Едва Шеремет отстал, Василий спросил Тютчева:
— Что там у них, в Орде, нынче?
— В Тохтамышевом обозе и мои люди прибыли, да ведь не поспел расспросить: не мог сразу отозвать их от обоза.
— Тимур этот нынче в походе. Далеко пошел. Надо б позорчей вглядеться, каковы там дела, ведь они с тылу у Орды, от них Орда либо крепче, либо слабже.
— Там мои люди сидят, шлют вести при случаях.
— Каковы люди-то?
— Люди ремесленные, торговые. Есть и в Гургене, и в Букаре, и в самом ихнем Сумарканте. А передают через Гурген: там наши торгуют.
— О войне, о походе, обо всяком этаком вестей у нас довольно. А вот чему они учены, в чем ихняя душа, этого не ведаем. Чего ради народ воинствует?
— Ради чего? Хан небось заради добыч, а народ заради послушания.
— Не то, не про то говоришь. Народ виден, когда созидает, а не когда рушит. В чем их созидание?
— Таких вестей нам не шлют.
— Про то и говорю. Надо заслать туда людей, чтоб уразумели разум того народа.
— Таких людей походя не изыщешь.
— Изыщи. И чтоб языку ихнему был знаком. И чтоб знанием и разумением был крепок, дабы, вглядевшись, изъяснил бы нам суть знаний их, каков их разум и помыслы. Ась?
— Меж купцов таких не видать. Язык разумеют, да книг не чтут; другие книгочеи есть, да чужих языков не ведают.
— А ищи не промеж купцов, не по сермягам. Прикинь по боярским хоромам, по монастырским кельям.
— По монастырям? — вдруг встрепенулся Тютчев. — Надо помыслить!
— Сыщи, Тютчев. Да вскоре. Да и не одного. Стезя там негладкая. Один споткнется, другой пройдет, третий дале того достигнет. Велика будет честь, кому это дело дастся. Ищи. А к ханше надежных служанок приставь, порасслухать обо всех ихних суетах, оказиях, думах.
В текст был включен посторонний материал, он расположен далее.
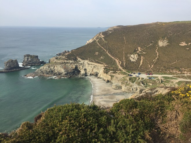 After Portreath the conditions underfoot deteriorated and the zawns came thick and fast. Even the word sounds kind of plungy. We don’t have a word in English for zawn, only in Cornish. This is because geological features of comparative fiendishness don’t exist anywhere else. There was one in particular which could easily have been avoided by an attractive-looking high-level curve around the top, but it was fenced off because it was MOD land. We might have considered climbing the fence to take a shortcut, had not a walker coming in the other direction explained his conspiracy theory to us that this was contaminated land from chemical experiments by the MOD. But we saw lots of active agricultural activity going on on the land, so I’m not sure that the conspiracy theory holds water.

Ханша у Тохтамыша в любви, он ей высказывал тайные думы. Сама тож нагляделась на все нынешние Тохтамышевы затеи, да и на Едигеевы доблести. Бабы, как разговорятся, сами не смыслят, что несут: бывает, мусор накидают, да вперемежку с жемчугом. Сумей разберись. А Тохтамышевым вьюношкам наставников отбери с разумом, чтоб вьюноши внимали им, а потом и вьюноши наставникам свое скажут. Тоже и промежду ордынцев, как на гостином дворе заскучают, много всего скажется. Но Орда нам давно вся насквозь видна. А ты порассуди поскорее об смышленых людях, да и отважных, чтоб в Тимурову даль заслать.
Тютчев пошел через сени к крыльцу, а Василий — в Малую палату, где слушал бояр и рядил суд, когда тяжелыми, но поспешными шагами, возбужденный, его нагнал вернувшийся Тютчев.
— Государь! Дозволь в ту Тимурову глухомань заслать верного человека.
— Нашел?
— От сердца своего, для ради отечества, на поклон Москве.
— Ась!
— Самого мне кровного, как себя самого. Как на подвиг.
— То и есть подвиг. Не в том честь, чтобы сгоряча против вражьего копья грудь выставить. Крепче есть подвиг, что исподволь, в молчании, изо дня в день супротив копий, промежду мечей, как на Голгофу, восходит. Великий подвиг! Может, не ведом никому останется, но без тех незримых не бывает зримого подвига. Бывает, слава одному достанется, но честь — им всем поровну, и тем, что победу трубят, и тем, что молча ее готовили.
Василий замолчал и шел, ожидая, чтоб Тютчев сказал сам.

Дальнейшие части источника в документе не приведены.